Control endpoint traffic using the firewall
The firewall module provides bidirectional stateful inspection of incoming and outgoing traffic. Firewall rules define what actions to take on individual packets in that traffic. Packets can be filtered by IP and MAC address, port and packet flag across all IP-based protocols and frame types. The firewall module can also help prevent denial of service attacks and detect and prevent reconnaissance scans.

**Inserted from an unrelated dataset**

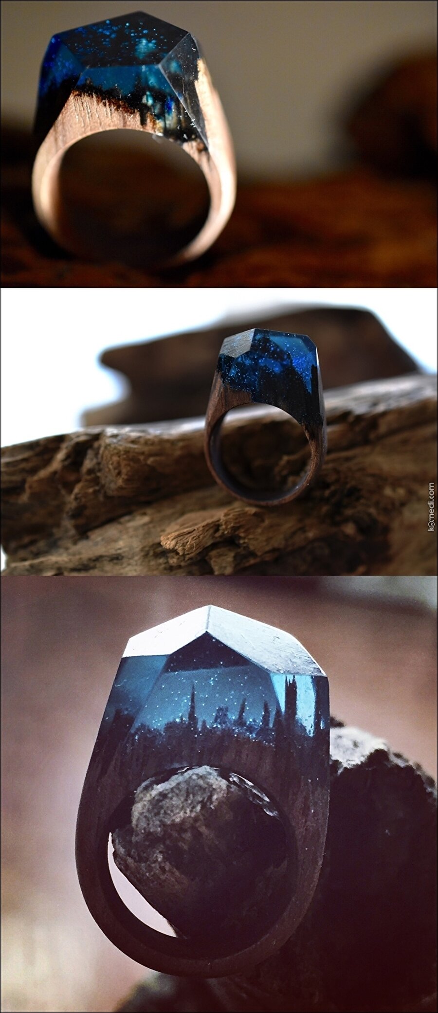 Kanadalı bir firma tarafından üretilen bu tahta yüzükler elmas ve pırlantadan daha fazla ilgi görüyor. Gece karanlıkta parlayan modellerinin yanı sıra, yüzüklerin üzerindeki gizemli dünya herkesi büyülüyor. Yüzükler tahta; ancak fiyatları küçük bir pırlanta yüzük kadar.

To enable and configure the firewall, see Set up the Deep Security firewall.
Firewall rules
Firewall rules can process traffic using one of the following actions, listed in order of precedence:
- Bypass
- Log Only
- Force Allow
- Deny
- Allow
Rules also have a priority level between 4 (highest priority) to 0 (lowest priority). Within a specific priority level rules are processed in order based on the precedence of the action type of the rule as listed above. This means that unlike what you may have experienced when configuring other firewalls, the Deep Security firewall processes rules independently of their assignment order.

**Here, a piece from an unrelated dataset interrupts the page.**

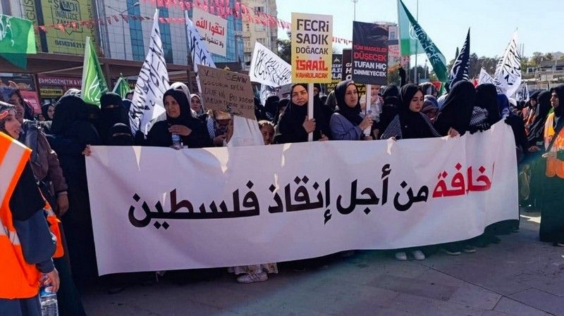 في المسيرة التي نظمها حزب التحرير / ولاية تركيا وانضمت تحت لوائها العديد من المنظمات المدنية الإسلامية بالاشتراك مع "دار التغيير الجذري" تحت شعار "لنتحد من أجل غزة" دفاعاً عن المسلمين العزل الذين تُركوا وحيدين تحت نير الإبادة الجماعية والحصار والاحتلال المستمر منذ 24 شهراً، وجه المتظاهرون نداءً إلى النظام التركي تحت شعار "سنتان مرتا، لا ننتظر أقوالاً بل أفعالاً!".

For more information on how rule priorities and actions determine processing order, see Firewall rule actions and priorities.
For more detailed information on how to create firewall rules, see Create a firewall rule.
When creating your rules, make sure to test them using the Tap and Inline modes of the firewall module before deploying them. For information on how to do so, see the "Test firewall rules before deploying them" section of Set up the Deep Security firewall.